The most compact star-black hole binary has been discovered, but the star seems to be perfectly happy whirling around the massive singularity twice an hour.

Credits: X-ray: NASA/CXC/University of Alberta/A.Bahramian et al.; Illustration: NASA/CXC/M.Weiss

A star in the globular cluster of 47 Tucanae is living on the edge of oblivion.

Located near a stellar-mass black hole at only 2.5 times the Earth-moon distance, the white dwarf appears to be in a stable orbit, but it’s still paying the price for being so intimate with its gravitational master. As observed by NASA’s Chandra X-ray Observatory and NuSTAR space telescope, plus the Australia Telescope Compact Array, gas is being pulled from the white dwarf, which then spirals into the black hole’s super-heated accretion disk.

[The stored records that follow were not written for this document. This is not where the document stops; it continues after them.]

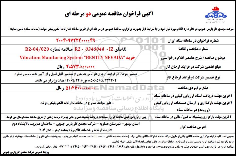 فراخوان مناقصه خرید Vibration Monitoring System BENTLY NEVADA, فراخوان مناقصه خرید Vibration Monitoring System BENTLY NEVADA
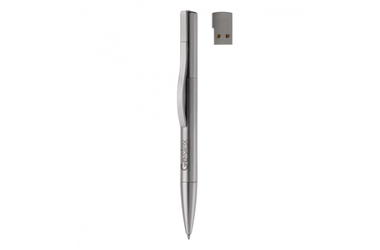 Metalowy długopis BusinessTop z wbudowaną pamięcią USB 2.0. Do wyboru pojemność pamięci 4 GB i 8GB. Zawiera europejski, metalowy niebieski wkład.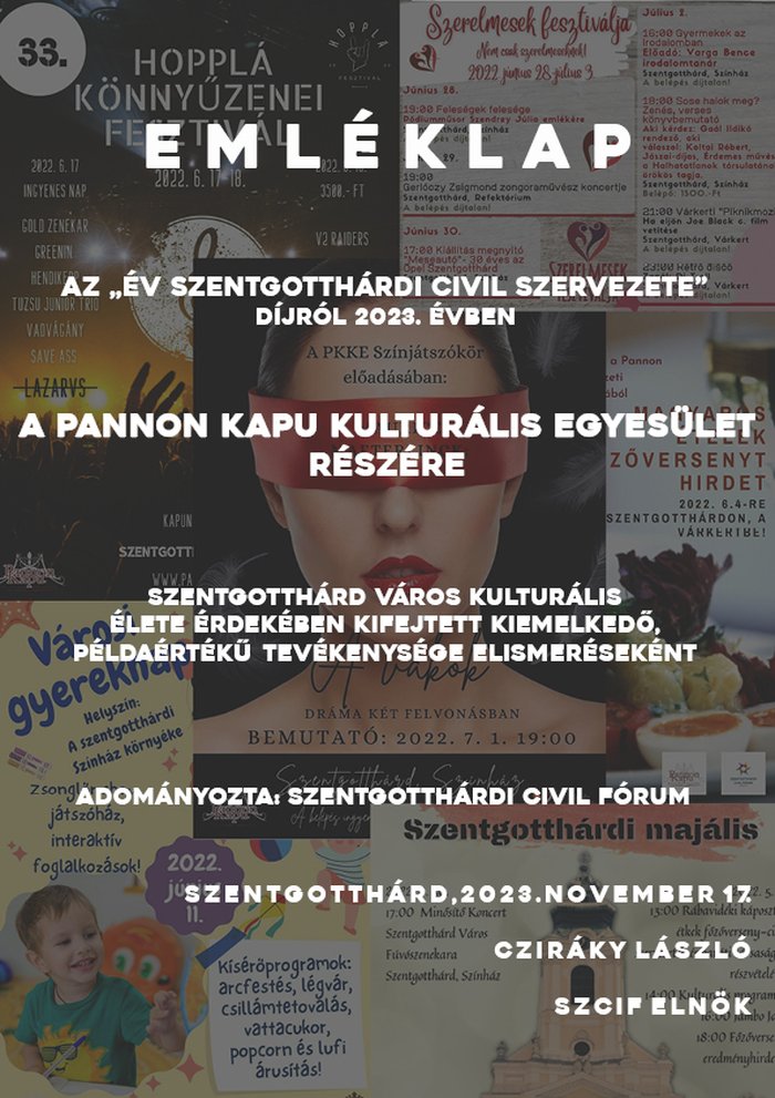 A Pannon Kapu Kulturális Egyesület 2023-ban elnyerte az "Év civil szervezete díjat" Szentgotthárd városban. Ez a díj az egyesület hosszú éveken át tartó kulturális tevékenységének elismeréseként került átadásra.

47 Tucanae is located in our galaxy, around 14,800 light-years from Earth.

Eventually, the white dwarf will become so depleted of plasma that it will turn into some kind of exotic planetary-mass body or it will simply evaporate away. But one thing does appear certain, the white dwarf will remain in orbit and isn’t likely to get swallowed by the black hole whole any time soon.

“This white dwarf is so close to the black hole that material is being pulled away from the star and dumped onto a disk of matter around the black hole before falling in,” said Arash Bahramian, of the University of Alberta (Canada) and Michigan State University. “Luckily for this star, we don’t think it will follow this path into oblivion, but instead will stay in orbit.” Bahramian is the lead author of the study to be published in the journal Monthly Notices of the Royal Astronomical Society.

It was long thought that globular clusters were bad locations to find black holes, but the 2015 discovery of the binary system — called “X9” — generating quantities of radio waves inside 47 Tucanae piqued astronomers’ interest. Follow-up studies revealed fluctuating X-ray emissions with a period of around 28 minutes — the approximate orbital period of the white dwarf around the black hole.

So, how did the white dwarf become the pet of this black hole?

The leading theory is that the black hole collided with an old red giant star. In this scenario, the black hole would have quickly ripped away the bloated star’s outer layers, leaving a tiny stellar remnant — a white dwarf — in its wake. The white dwarf then became the black hole’s gravitational captive, forever trapped in its gravitational grasp. Its orbit would have become more and more compact as the system generated gravitational waves (i.e. ripples in space-time), radiating orbital energy away, shrinking its orbital distance to the configuration that it is in today.

It is now hoped that more binary systems of this kind will be found, perhaps revealing that globular clusters are in fact very good places to find black holes enslaving other stars.